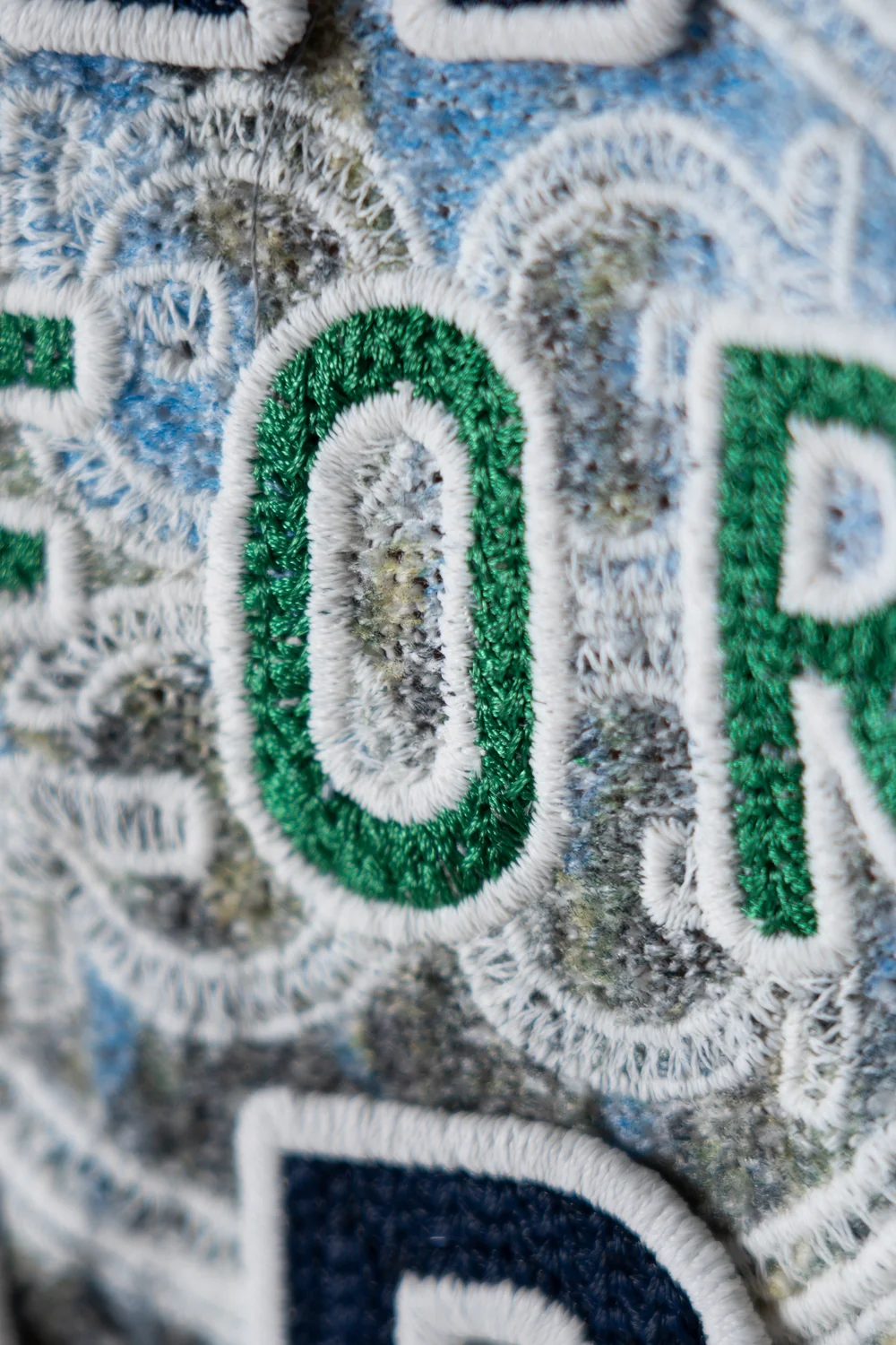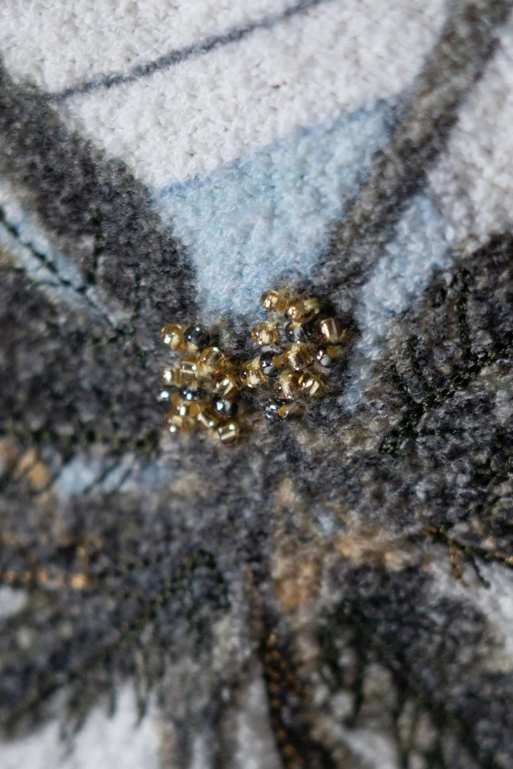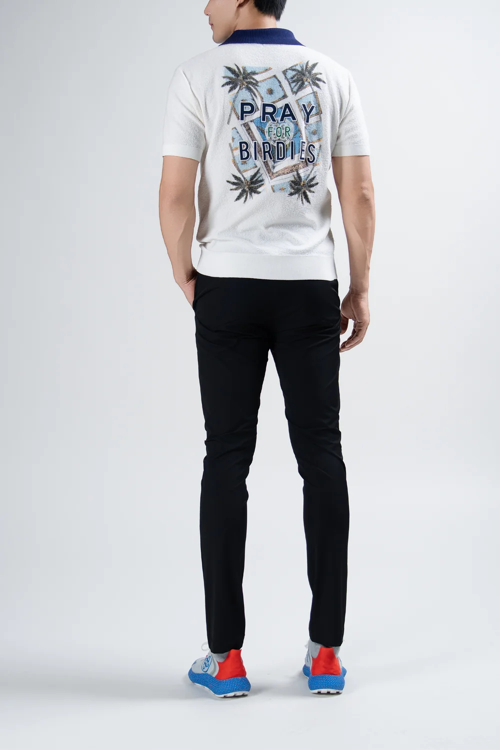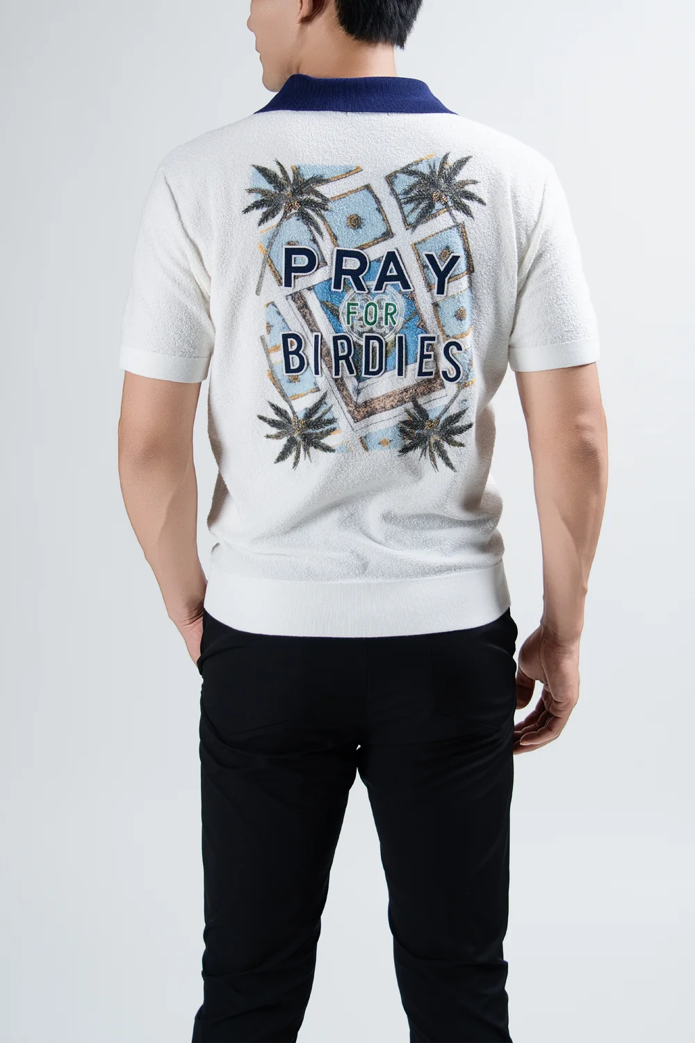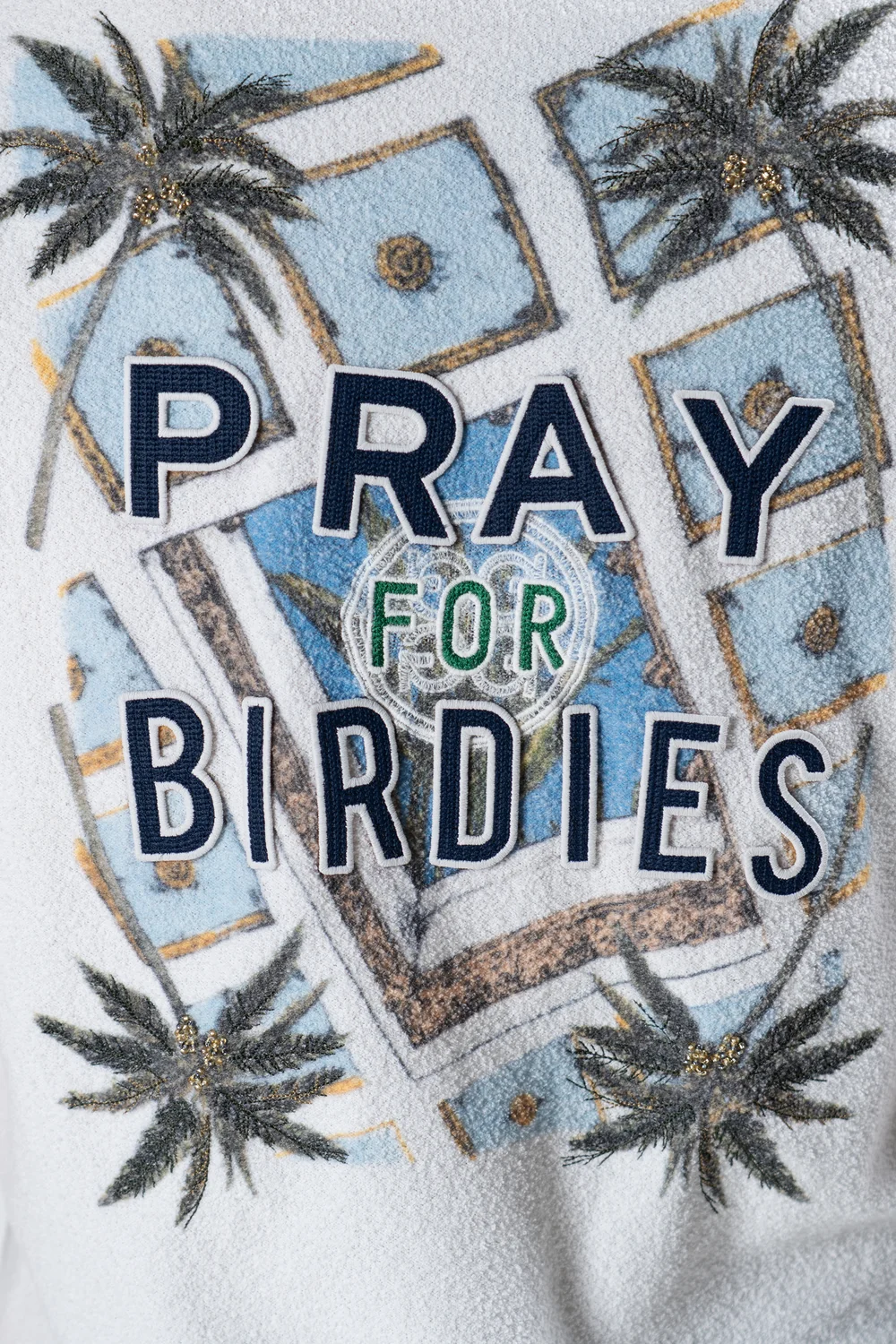 등판 PRAY FOR BIRDIES와 리조트 무드의 프린트 & 비즈 자수 믹스 기법의 아트웍이 특징인 감도 높은 포인트 아이템.
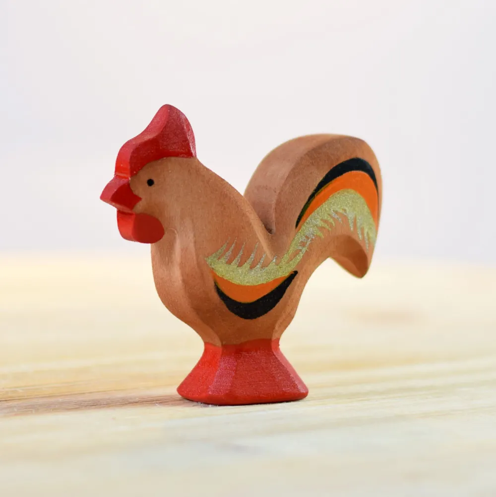 Dit is de haan van bumbu toys gemaakt van esdoornhout. De haan valt goed op met zijn rode kam en zwart oranje verenkleed. De houten haan is 6 cm hoog.
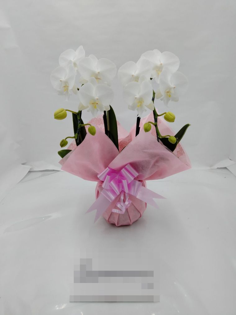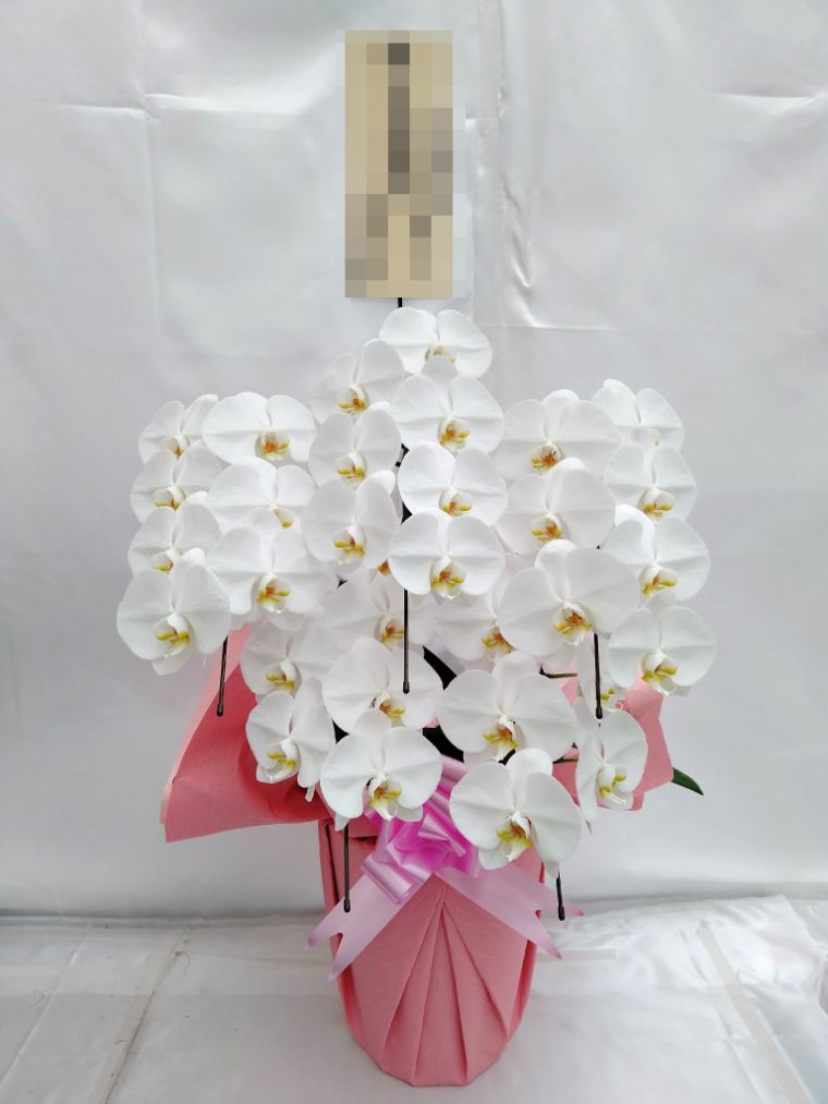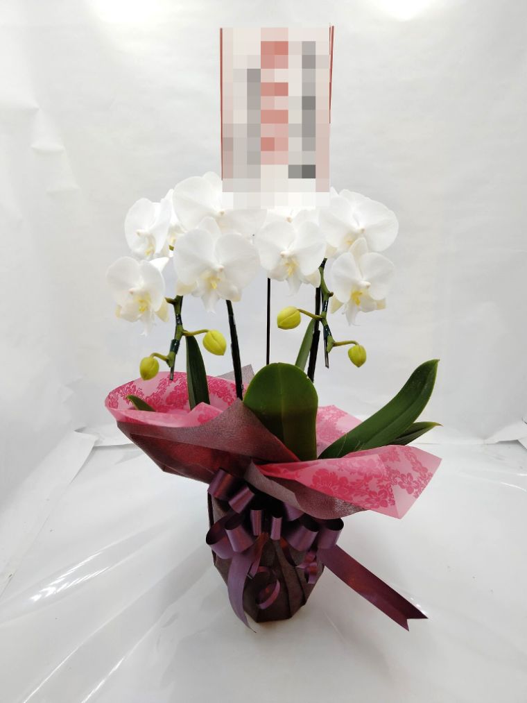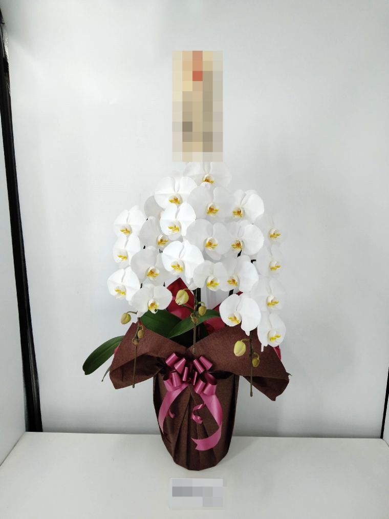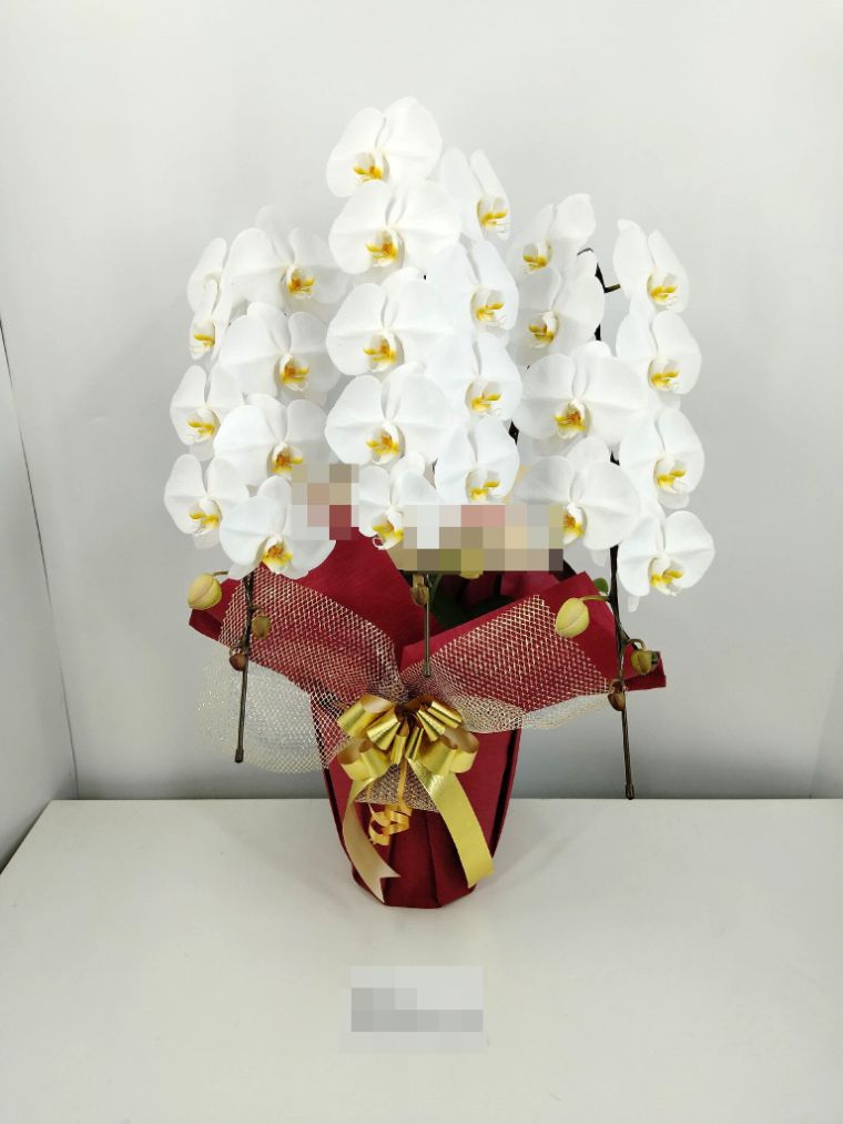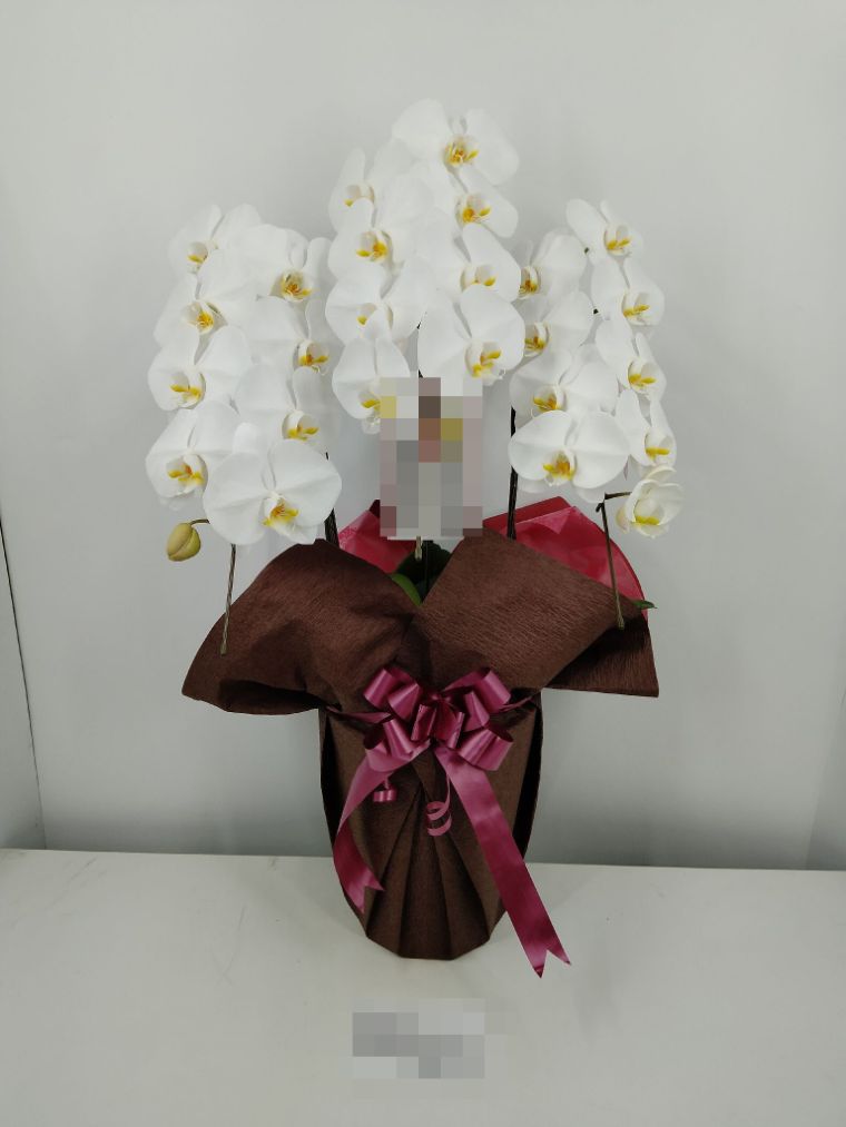 胡蝶蘭の実際にお届けした写真です。花秘書では発送前に写真をメールで送信致しますので安心して大切な顧客や取引様へのギフトにご利用頂けます。

_Goal of the exercise_
Please reproduce, exactly and only, the lines from the line containing "Dit is de haan" through the last line of the material above, minus any pictures.

_Task result_
 Dit is de haan van bumbu toys gemaakt van esdoornhout. De haan valt goed op met zijn rode kam en zwart oranje verenkleed. De houten haan is 6 cm hoog.
 胡蝶蘭の実際にお届けした写真です。花秘書では発送前に写真をメールで送信致しますので安心して大切な顧客や取引様へのギフトにご利用頂けます。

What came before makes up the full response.